The effect is: For enabled models, objects retrieved from the
database are always delivered just as they were created and saved,
with the same type/class and fields - regardless how they are
retrieved. The resulting querysets are polymorphic, i.e. may deliver
objects of several different types in a single query result.
Please see the concrete examples below as they demonstrate this best.
Please note that this module is very experimental code.
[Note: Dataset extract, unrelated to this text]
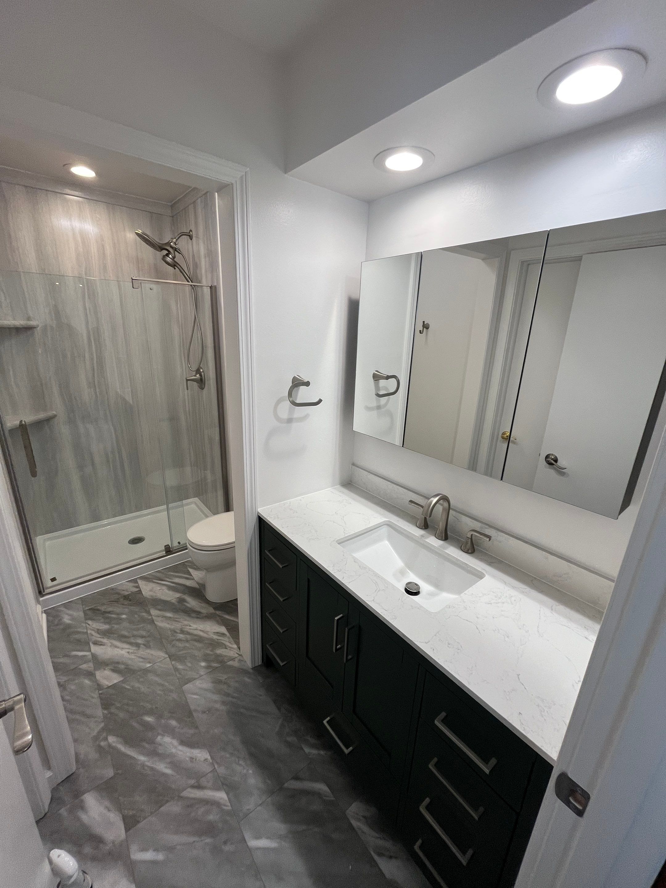 This Wheaton bathroom was in desperate need of attention. Our team completed this Snap Bath in just 4 days. New shower, toilet, floor, vanity and paint.

See below for
current restrictions, caveats, and performance implications.
Installation / Testing
======================
Requirements
------------
Django 1.1 and Python 2.5+. This code has been tested
on Django 1.1.1 with Python 2.5.4 and 2.6.4 on Linux.
Testing
-------
The repository (or tar file) contains a complete Django project
that may be used for testing and experimentation.
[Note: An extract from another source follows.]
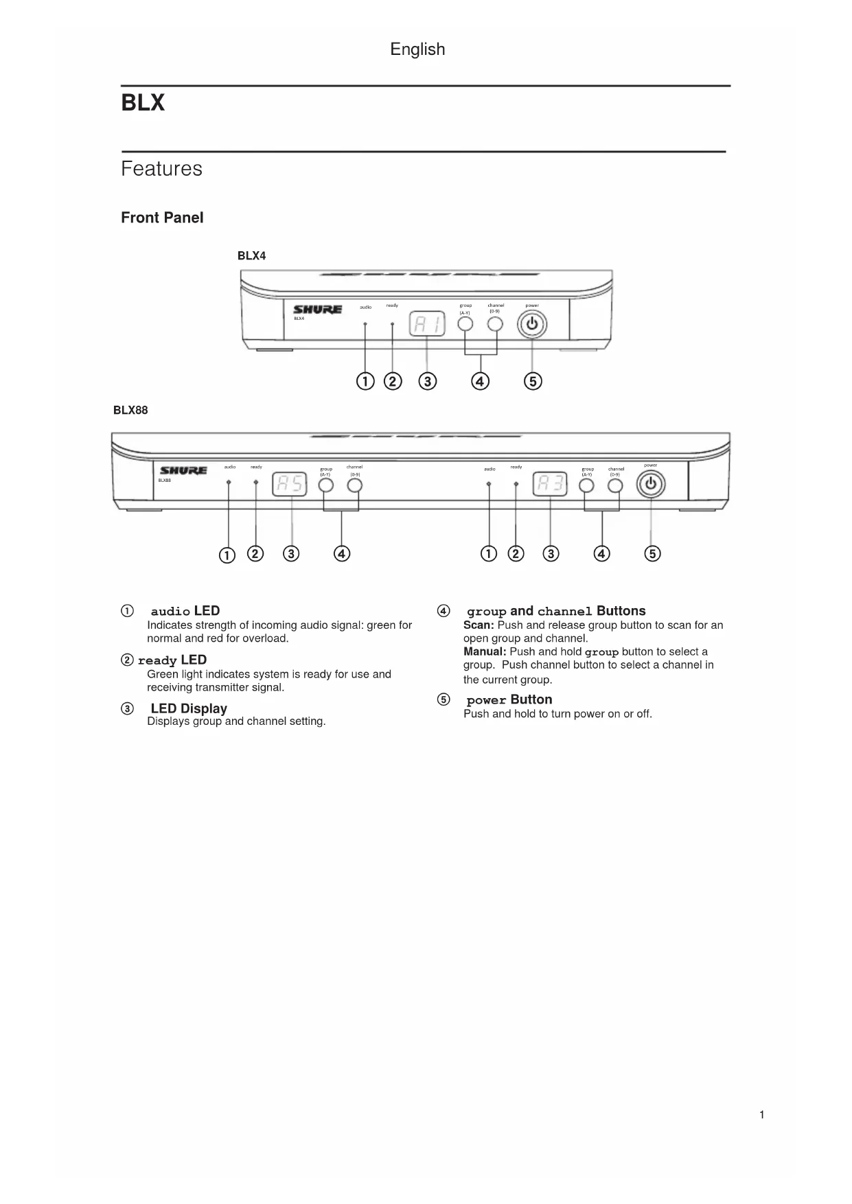 - After manual setup, the transmitter alternately displays the group and channel setting for about two seconds. Before you begin, turn off all transmitters and turn on any equipment (other microphones or personal monitoring systems) that could cause interference during the performance. group(A-Y)channelgroupgroupchannelchannelgroup group group channel English4 Multiple System Setup Up to 12 systems can operate simultaneously (band and RF environment dependent). Important: Set up each system one-at-a-time. Once a receiver and transmitter are tuned to the same group and channel, leave the transmitter powered on. Otherwise, scans from the other receivers will not detect that channel as occupied. For the BLX88, be sure to setup both transmitters before progressing to the next receiver. Turn on any other equipment that could cause interference during the performance so it will be detected during the group and channel scans in the following steps. Before you begin system set up, turn all receivers ON and all transmitters OFF. Forthefirstreceiver:

To run the included test suite, execute::
./manage test poly
'management/commands/polycmd.py' can be used for experiments
- modify this file to your liking, then run::
./manage syncdb # db is created in /tmp/... (settings.py)
./manage polycmd
Using polymorphic models in your own projects
---------------------------------------------
Copy polymorphic.py (from the 'poly' dir) into a directory from where
you can import it, like your app directory (where your models.py and
views.py files live).
Defining Polymorphic Models
===========================
To make models polymorphic, use PolymorphicModel instead of Django's
models.Model as the superclass of your base model. All models
inheriting from your base class will be polymorphic as well::
from polymorphic import PolymorphicModel
class ModelA(PolymorphicModel):
field1 = models.CharField(max_length=10)
class ModelB(ModelA):
field2 = models.CharField(max_length=10)
class ModelC(ModelB):
field3 = models.CharField(max_length=10)
Using Polymorphic Models
========================
Most of Django's standard ORM functionality is available
and works as expected:
Create some objects
-------------------
>>> ModelA.objects.create(field1='A1')
>>> ModelB.objects.create(field1='B1', field2='B2')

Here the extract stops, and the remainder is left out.